· AI Engineering · 5 min read
📋 Prerequisites
- Completed Domain 2 — Prompt Engineering
- Active Anthropic API access
🎯 What You'll Learn
- Apply the context decision tree to choose between in-context, cached, and RAG approaches
- Implement prompt caching correctly with proper block placement and size thresholds
- Design conversation history management for long-running multi-turn applications
- Estimate the cost and latency impact of caching decisions
Domain 3 Overview
Context management is where the most expensive architectural mistakes happen. Exam weight: approximately 20% (~12 questions). The exam tests whether you understand the real costs of context decisions and can apply the right pattern for a given scenario.
The Context Decision Tree
Start every architecture decision with this tree:
Does the task involve a large document or knowledge base?
│
├── YES: How large?
│ ├── Fits in 200K context (< ~150K tokens) AND same session reuses it?

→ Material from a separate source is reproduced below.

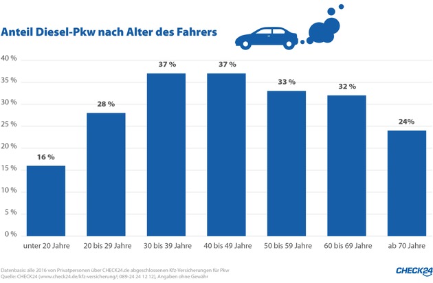 MarkenvergleichBei Fahranfängern und Senioren ist der Anteil von Diesel-Pkw niedriger als in anderen Altersgruppen. Nur 16 Prozent der unter 20-Jährigen haben einen Selbstzünder versichert. Bei den über 70-Jährigen sind es 24 Prozent. Am höchsten ist die Dieselquote der 30- bis 49-Jährigen mit 37 Prozent.*

│ │ └── → Pass in context + enable prompt caching
│ │
│ ├── Too large for context OR accessed across many independent sessions?
│ │ └── → RAG (chunk, embed, retrieve relevant passages)
│ │
│ └── Large but accessed once per query with no repetition?
│ └── → Consider summarization first, then in-context
│
└── NO: Just a conversation?
└── → Manage history with sliding window or periodic summarizationThe exam’s most common trap: Defaulting to RAG when the document fits in context. RAG adds latency, retrieval failures, chunking artifacts, and complexity. Use in-context when the document fits and prompt caching eliminates the re-processing cost.
Prompt Caching — The Highest-Leverage Cost Tool
Prompt caching stores a stable prefix in Anthropic’s infrastructure. Subsequent requests that share the same prefix pay approximately 10% of the normal input token cost for the cached portion.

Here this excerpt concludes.